Biggest lie about moving abroad

lie-moving-abroad

Photo: gtpete63


There is no doubt that when you move to a foreign country, shit gets hard. In fact, a friend, just today, was joking (in that not-at-all-joking way) that she asked her Spanish teacher to cover a class on ordering takeout. Imagine? One of the most simple and comforting luxuries becoming an ordeal? Imagine ordering Chinese food in Chinese…when you don’t know Chinese (and saying “Peking duck” doesn’t count). And then having to give them directions to your place? Hey, it’s happened. Let’s just call it a success if your food arrives without feathers and a face in under two hours.


Calling a cab isn’t much different. Even I, a Spanish speaker, had trouble understanding taxis here in the beginning. I have never heard such fast-talking, dismembered words. And when I’d ask them to repeat themselves, I could actually see their degree of pissed-off face just by the tone of their voice. I’d have to talk back all snappy and rude-like so that they’d respect me enough to not hang up on me. This too has happened.
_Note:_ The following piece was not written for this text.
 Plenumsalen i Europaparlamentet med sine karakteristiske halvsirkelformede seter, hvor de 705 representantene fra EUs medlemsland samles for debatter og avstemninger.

Speaking of cars, they aren’t really expected to get inspected so traffic is ugly and dirty and loud. Beat up cars, held together by duct tape and hope, dust the streets with a Lost-like black smoke fog. Motorcycles backfire so loudly that you duck for cover. People cut you in line if you leave too much space in front of you, and by too much space I mean mere centimeters. The supermarket doesn’t carry everything all the time and it especially won’t carry what you want when you’re craving it. The power will go out as soon as you turn on your coffeemaker and it will come back on as soon as you’ve moved the coffeemaker to an outlet backed up by the generator. The day will be sunny until you’ve left the and then a downpour will hit fast and hard like a Spartan you never saw coming. Club music will pound through giant speakers mounted on truck beds that shake your building just when you sit down to enjoy a quiet night in with a movie. Again, this has happened and it will all piss you off.


But you’ll get used to it, this new way of life that screams adventure (or, well, that sometimes just screams). I mean, that’s what people tell you, right? That you’ll get used to it.


And you will.


Ahem…most of you will.


Buuuut some of you? Ehhhh, some of you won’t.
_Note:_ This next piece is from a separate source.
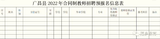附件:廣昌縣2022年合同制教師招聘預報名信息表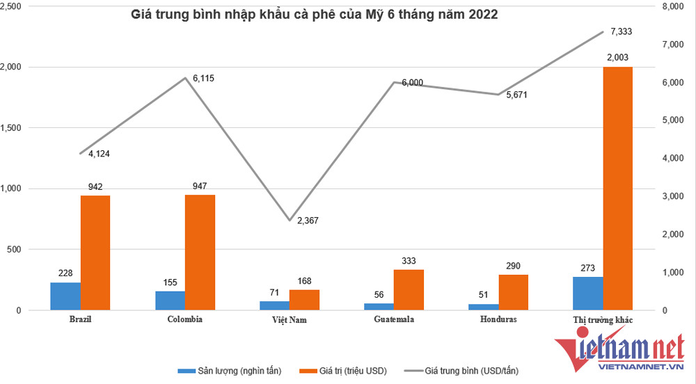 Brazil và Colombia là hai nhà cung cấp cà phê chính cho Mỹ, Việt Nam xếp vị trí thứ 3. Trong 6 tháng năm 2022, Mỹ chi 168 triệu USD nhập khẩu gần 71.000 tấn cà phê từ Việt Nam, tăng 7,8% về lượng và tăng 39,1% về trị giá so với cùng kỳ năm ngoái. Thị phần cà phê của Việt Nam trong tổng lượng nhập khẩu của Mỹ tăng từ 8,32% lên 8,51%.

Time helps, yes. Being optimistic too. But one of the greatest lies we abroaders tell is that you’ll get used to it, that we all get used to it. Lies. All lies. There is a reason we have a term for people who bolt. They’re called runners and they exist because this isn’t for everyone.


Hoping for the best out of your Chinese delivery and getting an unknown sauce is not for everyone. Getting screwed out of your spot in line because you weren’t pressed tightly against the person in front of you, essentially sniffing their hair, also not for everyone. Gunshot motorcycles, giant speakers, and the loss of language, culture, and familiarity, again, not for all. So if you are a so-called runner or a potential bolt risk, here’s my advice… ready for it? Screw it. Go. Just Go. No looking back. No regret. No second-guessing. Of course you can get used to it, but maybe you just don’t want to.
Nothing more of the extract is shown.